Jesus uses the language of suffering and martyrdom to describe his own life and to describe the life to which we are called. But he also uses the language of profit in describing the temptations we may face – the temptation to follow some path other than the one of humility and love and compassion and service and self-sacrifice for others.
It is so easy to imagine a more profitable life.
Our culture consistently offers an alternative hierarchy of values.
It is so easy for us to be tempted that there is a more profitable way of life than the way we walk in the worship and service in the Body of Christ – maybe a more profitable way to spend Sunday mornings or to spend our time or to spend our money or to expend our emotional and relational energies.
At some level, perhaps it is from the martyrs that we can learn something of the love and fundamental self-forgetfulness that defines life on the way with Christ – the willingness to abandon our own well-being for the sake of following him, serving him, living in his way.
Over the past months and years, the crisis in Iraq has created a massive vacuum of power and authority. And as we know from the news these past weeks, that vacuum has been filled by the radical Islamic group ISIS – the Islamic State of Iraq and Syria. Cities like Mosul, which have had some of the most ancient Christian traditions and communities, have been purged of Christians.
This summer, the last wave of 1,500 Christians was expelled from Mosul under the threat of forced conversion or execution. Church windows have been smashed, books burned, homes taken, property stolen, and so many Christians killed – the killing of Christians began more than a decade ago, with the fall of Saddam Hussein in 2003.

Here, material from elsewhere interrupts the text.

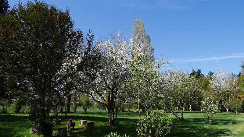 En fonction de la saison, vous pouvez jouir de nos nombreux arbres fruitiers, pommiers, poiriers, cerisiers, pêchers, noisetiers, framboisiers, mures, myrtilles…

We don’t face persecution for faith in our context – though if we took Jesus and his way more seriously we would probably get more sidelong glances than we do. The strong words of Jesus, and the suffering of sisters and brothers who have confessed Christ in Iraq, remind us that this way is not for the faint of heart, not for the complacent, not for the comfortably Canadian. It is for those who find their strength in Christ, and walk by the Spirit he sends.
If any want to be my followers, let them deny themselves and take up their cross and follow me. For those who want to save their life will lose it, and those who lose their life for my sake, will find it. For what will it profit you if you gain the whole world and lose your life – what will it profit you if you gain everything you want, but lose the life that is truly life – life with the risen Jesus.